Friday, Mar. 09, 1962
The New Nationalism
Until recently, West Germany was largely content to let the U.S. and other NATO allies call the tune on East-West policy. Of late a militant, assertive new spirit has risen east of the Rhine. It is, in a sense, a new nationalism-- not the unsavory kind associated with jackboots and lebensraum but a more civilized version reflecting the muscle and emotion of a strong, reborn nation.
The new nationalism is based in part on a nagging suspicion that West Germany will be the loser in a cold-war settlement between the U.S. and Moscow; the fear is of a deal with Moscow that would reduce West Berlin's ties to West Germany, and permanently recognize Red rule in East Germany. With this in mind, so stalwart a supporter of the West as former Foreign Minister Heinrich von Brentano (now Christian Democratic leader in Parliament) recently reminded the Allies sharply that "it is intolerable to offer additional concessions. The aim of talks must be to convince the Soviet Union that the German people have an ineradicable right to self-determination."
In West Germany's rising chorus of protesting voices, none is more vehement than that of Chancellor Konrad Adenauer himself. These days, he makes no secret of his deep dissatisfaction with Western leadership. Der Alte urged the U.S., through visiting Attorney General Robert Kennedy, to limit the scope of this month's 18-nation disarmament talks in Geneva; he fears East and West will start bargaining over Germany if the discussion of disarmament bogs down. If a deal emerged, it could mean some form of East-West "disengagement," which might well permanently prevent the Germans from getting nuclear weapons, or even the long-range rockets capable of carrying them.
To the Fourth Power.
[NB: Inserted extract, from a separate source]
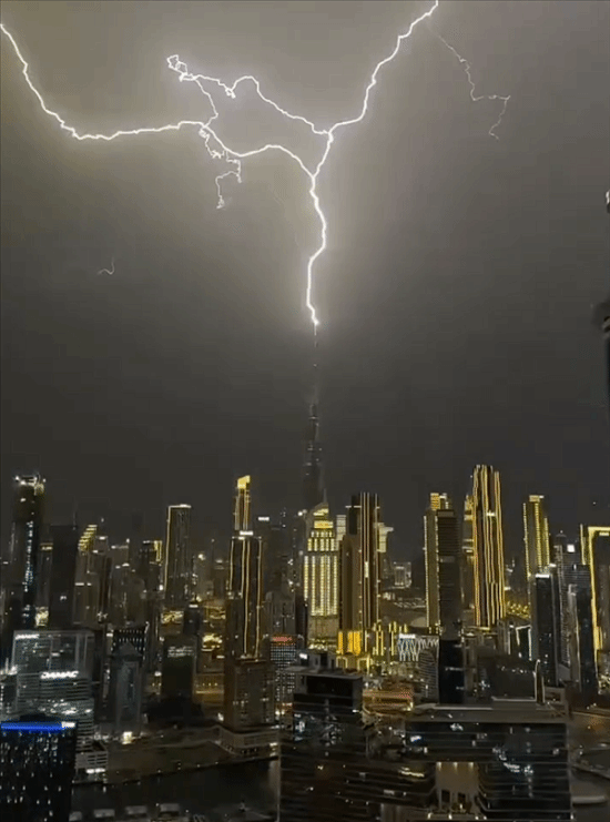 报道称,这段令人震撼的视频是从3月26日晚间开始流传。视频片段显示,闪电似乎被安全地引导通过了这座828米高建筑的防护系统。迪拜媒体办公室发布安全警告,敦促居民在当前动荡天气条件下保持警惕。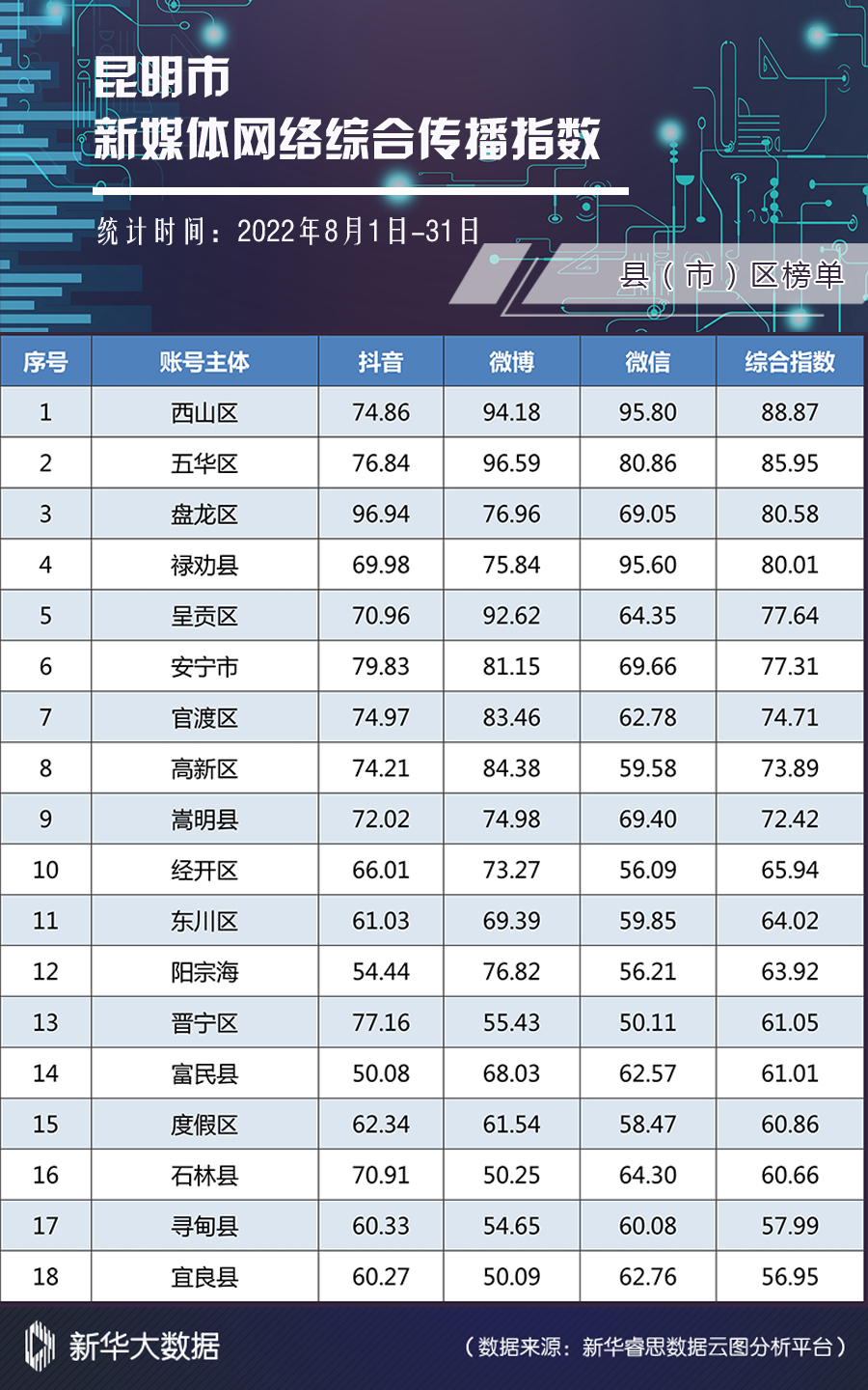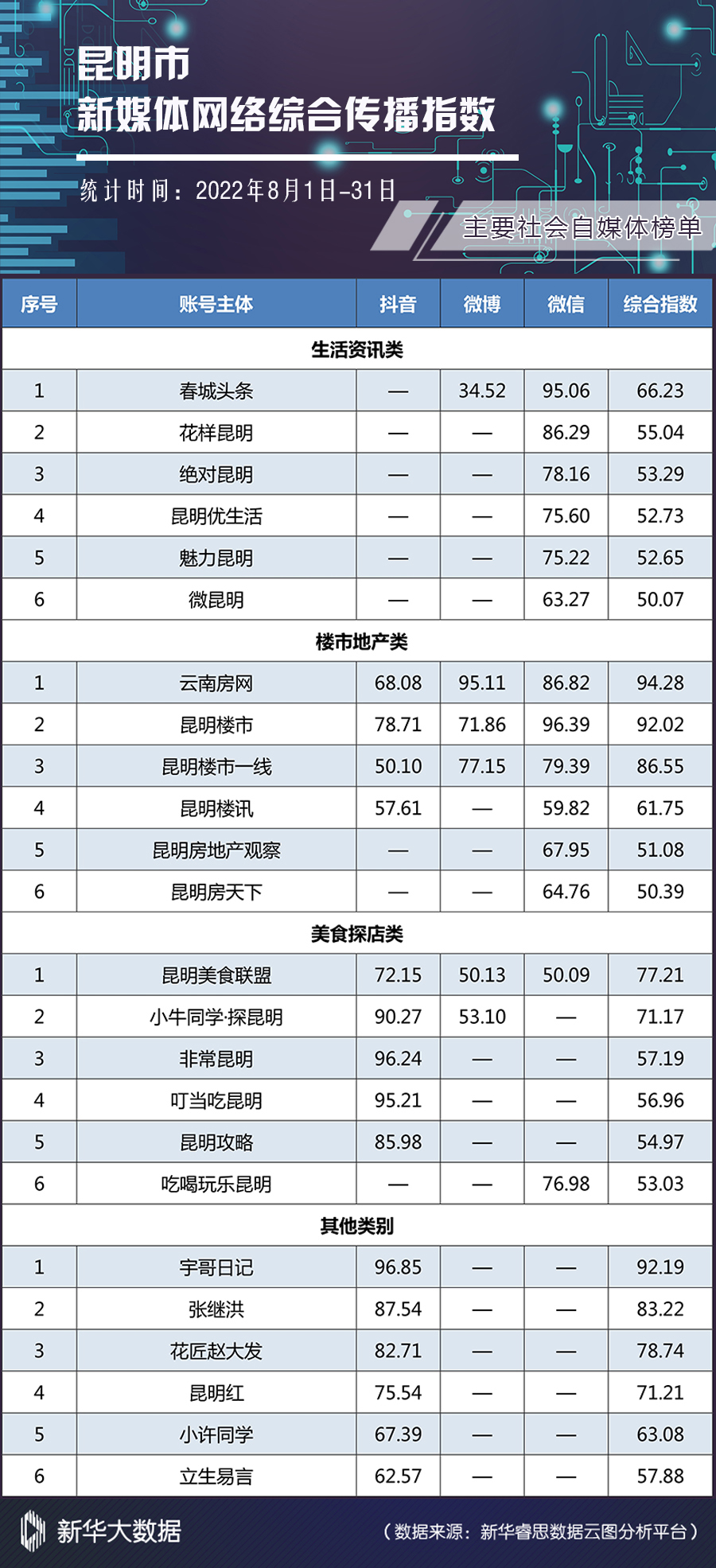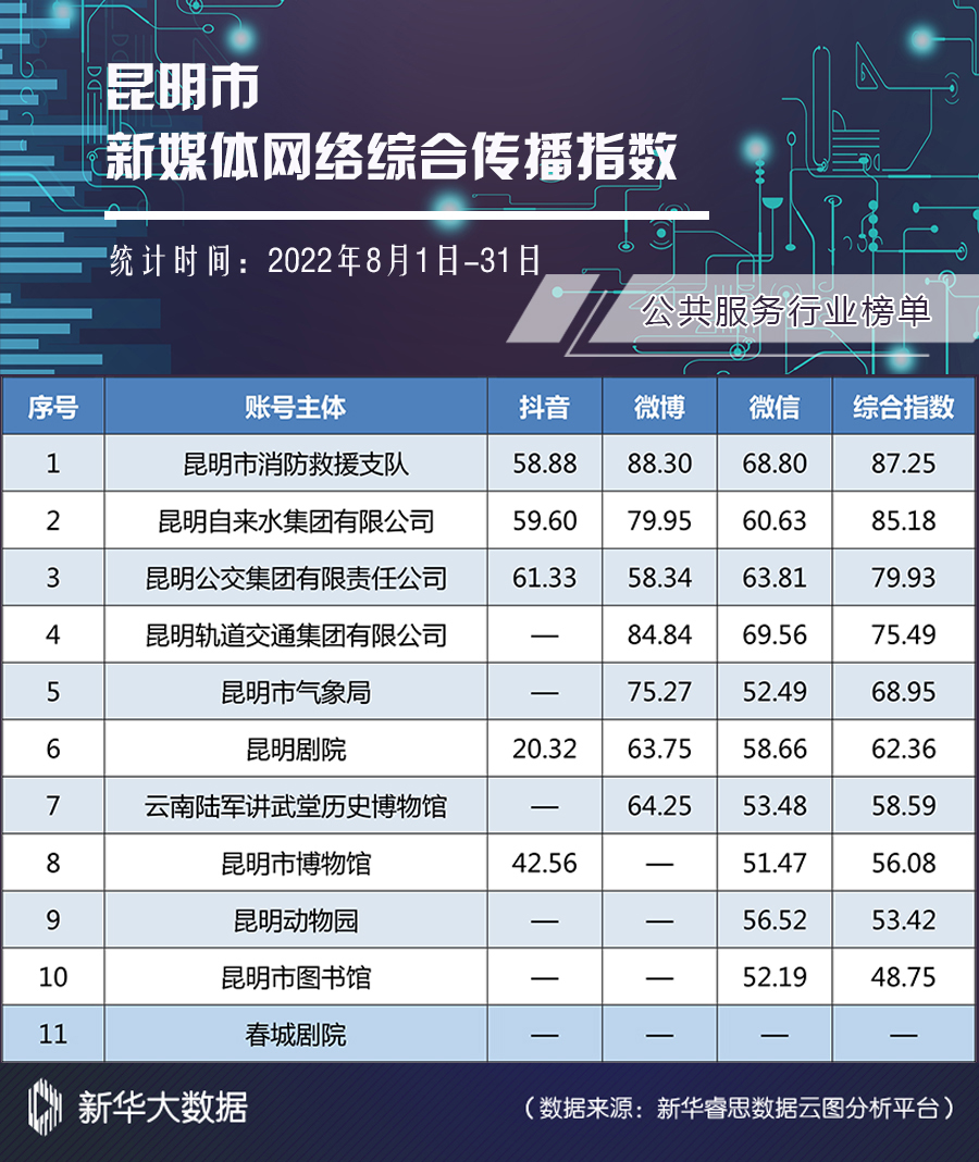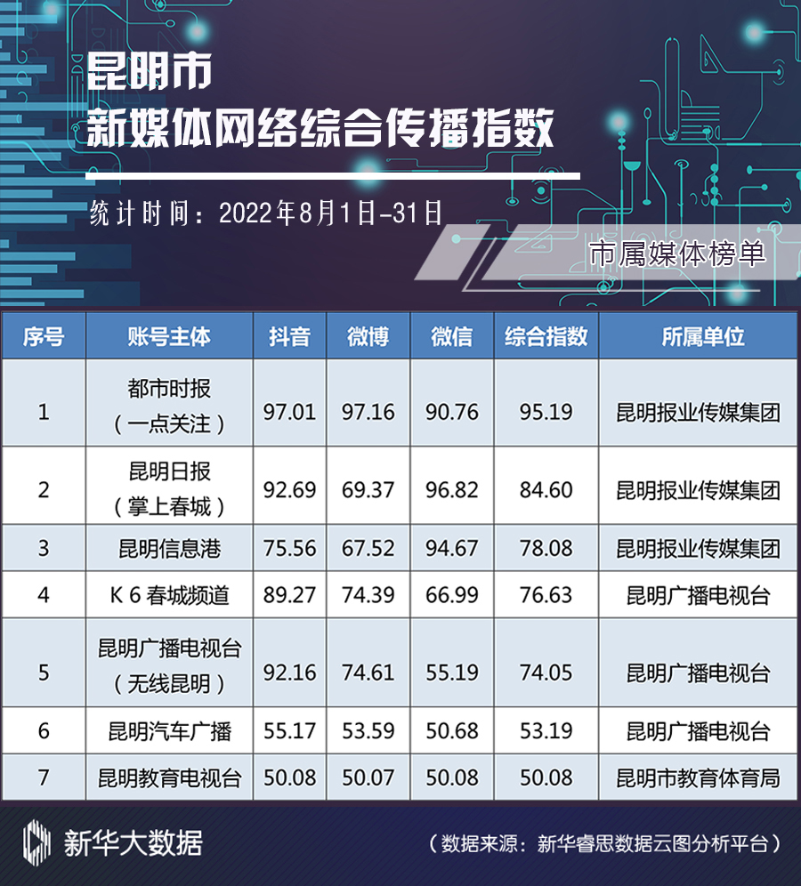 新华网昆明9月27日电(康静 刘奕)日前,2022年8月昆明市新媒体网络综合传播指数榜单(以下简称“榜单”)发布。在各榜单中,总体数据较7月都有大幅增长。

Impetus for Adenauer's arguments is provided by aggressive Defense Minister Franz Josef Strauss, who demands that NATO become a ''fourth atomic power''; this obviously would make West Germany an atomic power as well, for despite NATO's control over them, nuclear warheads would be in the hands of the Bundeswehr. Most of the American nuclear weapons on the Continent are already on West German soil but under strict U.S. control.
Washington was angered last week by a blistering attack on U.S. defense policy written by Colonel Gerd Schmueckle, Strauss's press secretary. Wrote Schmueckle in the conservative weekly Christ und Welt: "There are still people in the West who talk of conventional warfare, pauses, rollbacks, escalation and the like . . . Since both sides have atomic weapons, the idea of a conventional war in Europe is military alchemy. " Schmueckle's conclusion : Western troops, including West Germans, should be prepared to fight it out with superbombs.
Voice of the Church. Many West Germans do not share Strauss's desire for the Bomb, but there is a rising clamor in many quarters for a more "active" foreign policy in Bonn. Adenauer's Free Democratic coalition partners, led by Erich Mende, constantly press the government to be more independent. And recently a memorandum approved by top leaders of Germany's Protestant church took a similar line: "The foreign policy of the government appears to us too one-sidedly defensive . . . We expect our Western Allies to assume the risk of a nuclear war in order to defend West Berlin's freedom" and to reunify divided Germany.
The spokesmen of the "new nationalism" have many faces. Most, like Adenauer and Strauss, are firm advocates of a strong Atlantic alliance and argue that they are merely trying to strengthen it. Others are more concerned with German unity. They would reject nuclear armament and would make other concessions to Russia for the sake of reunification. Off on another tangent is brash Hans Kroll, West Germany's ambassador in Moscow, whose loud advocacy of rapprochement with Russia last fall earned him a personal dressing down from Adenauer himself. Last week Kroll was again ordered home by the angry Chancellor, following press reports that in private talks he had been urging an astonishing array of concessions to Russia, among them a demilitarized West Berlin, admission of both East and West Germany to the United Nations, and a $2 1/2 billion West German credit to help the Soviet economy.
Few Germans would accept such a scheme, which is far closer to the old spirit of Rapallo than to the New Nationalism. But the Berlin stalemate tends to stifle West Germany's spirit, restricts its activities in other fields; the resulting irritation forces many to the conclusion that something must be done, though no one knows quite what. The fact that the West Germans are even considering "direct" talks with Russia reflects a significant psychological shift. It will require some getting used to by West Germany's allies, but it is not necessarily dangerous to Western unity. As TIME'S Bonn bureau sums up: "The new German nationalism is born not only of cold war fears and hopes, but also of the simple fact that West Germany is militarily and economically the most powerful nation of Western Europe, the second most powerful of the Atlantic alliance. With this to back them up, the West Germans are raising their voice, and they mean to be heard."